Le dossier a été communiqué au procureur général.
Sur le rapport de Mme Vieillard, conseiller, les observations écrites de la SCP Thouvenin, Coudray et Grévy, avocat de M. C..., de la SCP Boutet et Hourdeaux, avocat de la caisse primaire d'assurance maladie des Alpes-Maritimes, et l'avis de Mme Ceccaldi, avocat général, après débats en l'audience publique du 19 mai 2020 où étaient présents M. Pireyre, président, Mme Vieillard, conseiller rapporteur, M. Prétot, conseiller doyen, et Mme Besse, greffier de chambre,
la deuxième chambre civile de la Cour de cassation, composée des président et conseillers précités, après en avoir délibéré conformément à la loi, a rendu la présente décision.
1. Le moyen de cassation annexé, qui est invoqué à l'encontre de la décision attaquée, n'est manifestement pas de nature à entraîner la cassation.

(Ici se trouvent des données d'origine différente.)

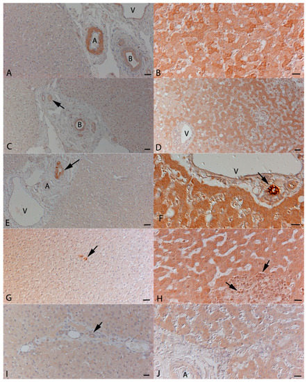 Representative immunohistological staining for the expression of cytokines in the liver. Left column: specific pathogen free (SPF) cats; right column: cats with FIP. (A,B): Expression of IL-1β. (A): In SPF cats, expression is restricted to bile duct (B) epithelial cells and the media of small arteries (A). V: vein in portal area. (B): In a FIP cat, hepatocytes exhibit variably intense expression. (C,D): Expression of IL-6. (C): In SPF cats, expression is restricted to a weak staining in bile duct (B) epithelial cells and the media of small arteries (arrow). (D): In a FIP cat, a large proportion of hepatocytes exhibit variably intense expression. V: vein in portal area. (E,F): Expression of IL-10. (E): In SPF cats, expression is restricted to bile duct epithelial cells (arrow). A: artery, V: vein in portal area. (F): In a FIP cat, hepatocytes exhibit a diffuse strong expression. The staining in bile duct epithelial cells (arrow) is even stronger. V: vein in portal area. (G,H): Expression of IL-12p40. (G): In a SPF cat, weak expression is seen within hepatocytes. Occasional positive Kupffer cells (arrow) are also seen. (H): In a FIP cat, hepatocytes exhibit a diffuse weak to moderate expression. In a granulomatous infiltrate, there are some weakly positive macrophages (arrows). (I,J): Expression of TNF-α. (I): In a SPF cat, very weak expression is seen within hepatocytes and bile duct epithelial cells (arrow). (J): In a cat with FIP, hepatocytes exhibit a diffuse weak staining. Bars represent 50 µm (A, C, D, E, and G) or 20 µm (B, D, H, I, and J) Peroxidase anti-peroxidase method, Papanicolaou’s haematoxylin counterstain.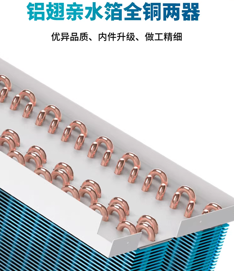 蒸發(fā)器冷凝器: 鋁翅親水膜 ,冷凝器/蒸發(fā)器,防污漬清潔能力,0.1mm親水鋁箔材料,快速冷凝,效率大幅度提升,內(nèi)螺紋銅管,大大提升了系統(tǒng)能效。

2. En application de l'article 1014, alinéa 1er, du code de procédure civile, il n'y a donc pas lieu de statuer par une décision spécialement motivée sur ce pourvoi.
EN CONSÉQUENCE, la Cour :
REJETTE le pourvoi ;
Condamne M. C... aux dépens ;
En application de l'article 700 du code de procédure civile, rejette la demande formée par M. C... ; le condamne à payer à la caisse primaire d'assurance maladie des Alpes-Maritimes la somme de 3 000 euros ;
Ainsi décidé par la Cour de cassation, deuxième chambre civile, et prononcé par le président en son audience publique du neuf juillet deux mille vingt. MOYEN ANNEXE à la présente décision
Moyen produit par la SCP Thouvenin, Coudray et Grévy, avocat aux Conseils, pour M. C...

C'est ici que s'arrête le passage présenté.